▶ [What is needed]: Restate, exactly as written, the entries below from the line that holds "- Phòng máy" through the line that holds "Kora silk cotton". Pictures are not part of the copy.

▶ [Task material]:
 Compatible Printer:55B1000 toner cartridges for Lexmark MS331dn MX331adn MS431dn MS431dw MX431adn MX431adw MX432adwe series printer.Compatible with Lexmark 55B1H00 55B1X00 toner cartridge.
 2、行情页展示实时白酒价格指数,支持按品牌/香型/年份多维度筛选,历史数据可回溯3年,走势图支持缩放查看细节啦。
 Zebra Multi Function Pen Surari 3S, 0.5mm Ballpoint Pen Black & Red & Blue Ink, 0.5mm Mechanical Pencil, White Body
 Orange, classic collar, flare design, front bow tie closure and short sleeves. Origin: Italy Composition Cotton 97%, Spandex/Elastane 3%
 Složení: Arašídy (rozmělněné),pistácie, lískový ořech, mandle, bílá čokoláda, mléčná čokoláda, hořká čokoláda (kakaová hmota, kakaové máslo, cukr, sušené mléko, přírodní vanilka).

---

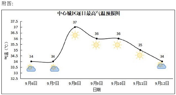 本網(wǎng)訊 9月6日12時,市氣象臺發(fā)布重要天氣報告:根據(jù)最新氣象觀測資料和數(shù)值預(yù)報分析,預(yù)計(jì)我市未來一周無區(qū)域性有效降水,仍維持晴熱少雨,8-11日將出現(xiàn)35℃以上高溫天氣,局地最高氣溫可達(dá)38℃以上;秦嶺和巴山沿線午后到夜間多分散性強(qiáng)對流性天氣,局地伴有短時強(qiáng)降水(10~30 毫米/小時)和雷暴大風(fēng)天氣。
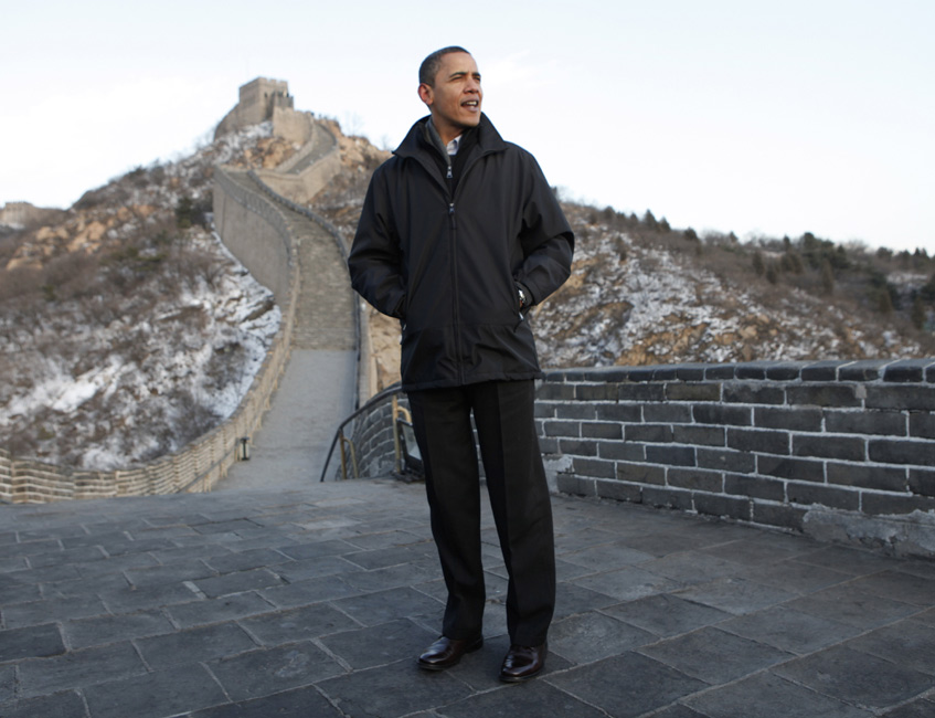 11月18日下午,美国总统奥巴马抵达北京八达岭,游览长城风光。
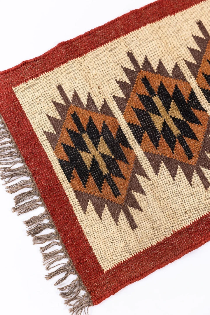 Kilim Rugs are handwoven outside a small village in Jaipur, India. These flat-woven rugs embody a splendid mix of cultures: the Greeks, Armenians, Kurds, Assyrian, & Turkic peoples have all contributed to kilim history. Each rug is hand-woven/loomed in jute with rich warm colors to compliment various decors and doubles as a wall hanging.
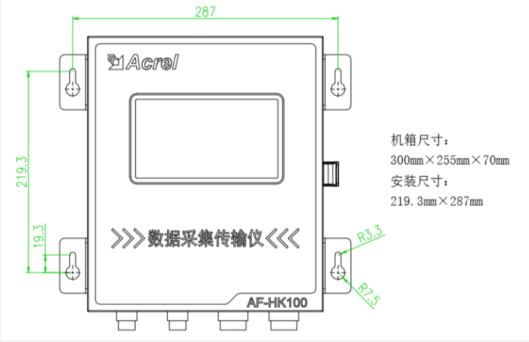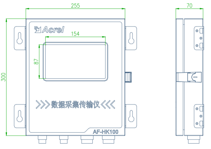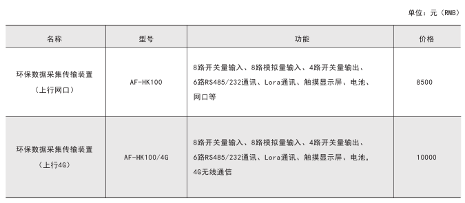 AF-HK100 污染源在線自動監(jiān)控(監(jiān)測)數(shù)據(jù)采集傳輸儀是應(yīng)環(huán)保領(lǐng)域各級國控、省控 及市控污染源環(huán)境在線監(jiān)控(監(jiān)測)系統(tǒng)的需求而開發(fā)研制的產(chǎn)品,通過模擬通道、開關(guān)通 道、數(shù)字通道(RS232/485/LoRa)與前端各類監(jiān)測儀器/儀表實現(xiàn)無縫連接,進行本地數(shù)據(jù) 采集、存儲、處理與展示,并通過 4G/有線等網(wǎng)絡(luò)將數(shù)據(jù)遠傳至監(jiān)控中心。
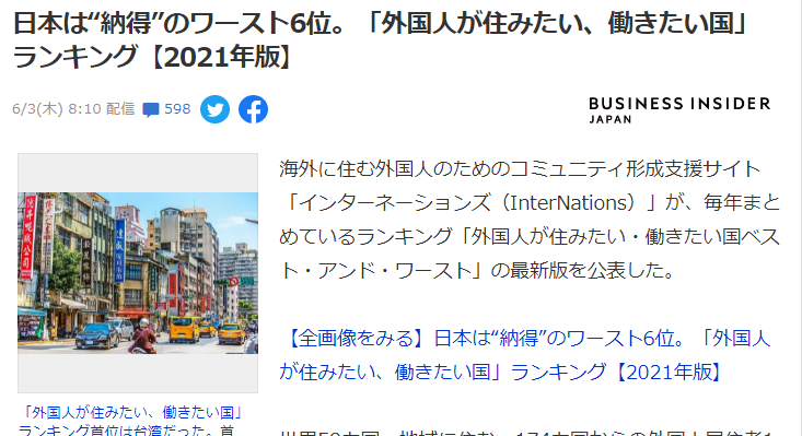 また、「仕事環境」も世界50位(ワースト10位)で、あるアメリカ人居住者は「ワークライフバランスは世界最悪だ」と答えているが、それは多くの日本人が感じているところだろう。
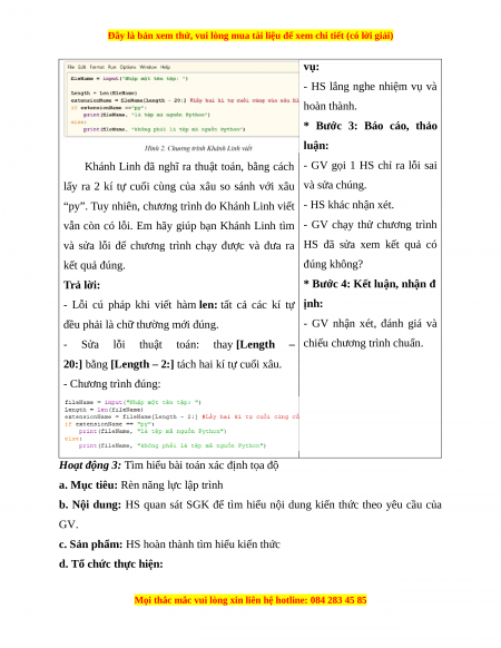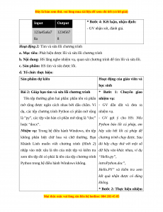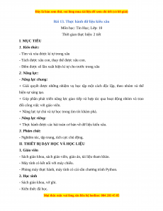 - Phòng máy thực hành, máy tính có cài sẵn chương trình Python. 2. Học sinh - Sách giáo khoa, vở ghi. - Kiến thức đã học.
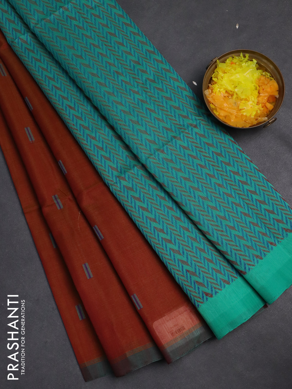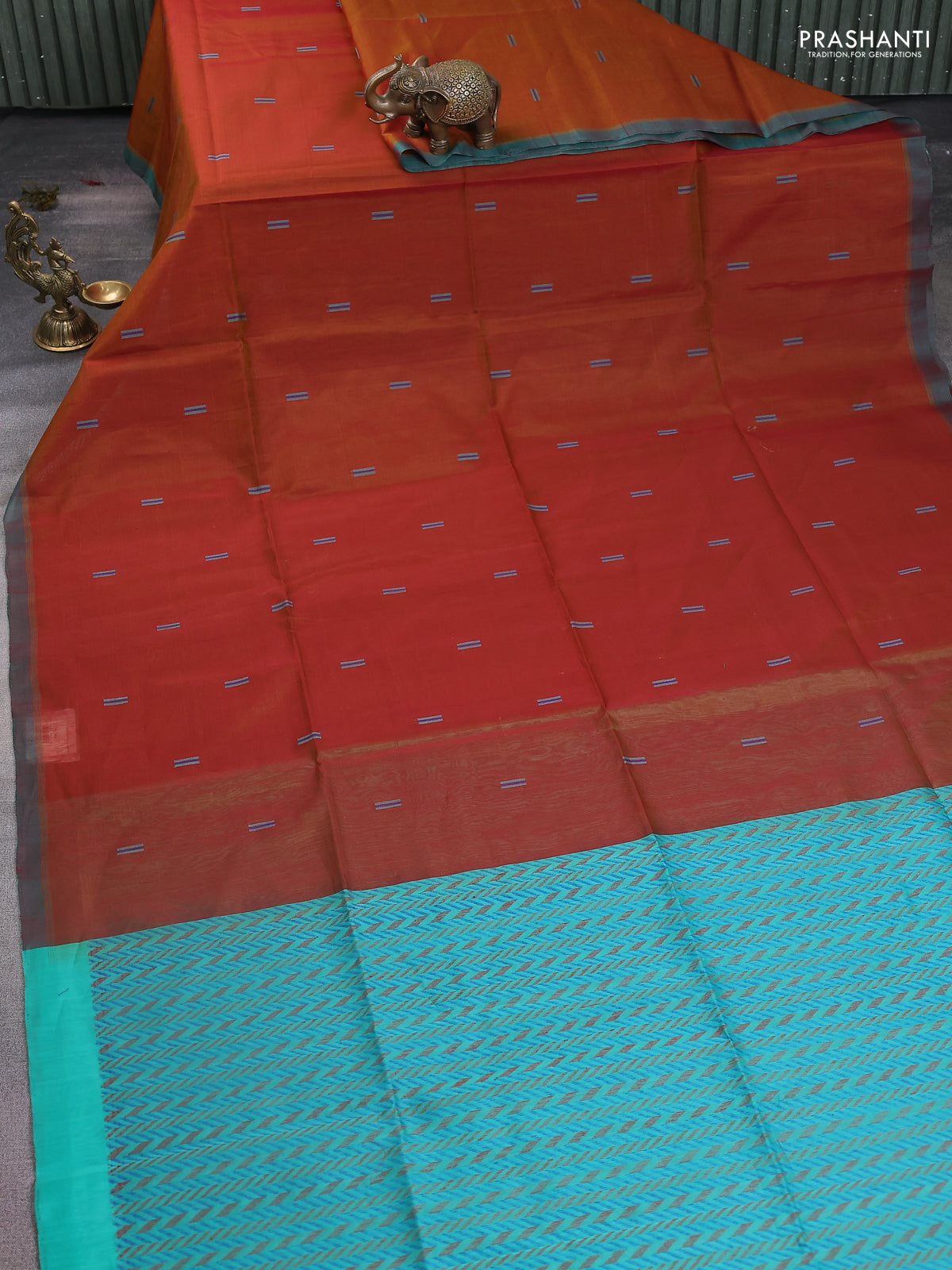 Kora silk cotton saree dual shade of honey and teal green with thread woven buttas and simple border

▶ [Task solution]:
 - Phòng máy thực hành, máy tính có cài sẵn chương trình Python. 2. Học sinh - Sách giáo khoa, vở ghi. - Kiến thức đã học.
 Kora silk cotton saree dual shade of honey and teal green with thread woven buttas and simple border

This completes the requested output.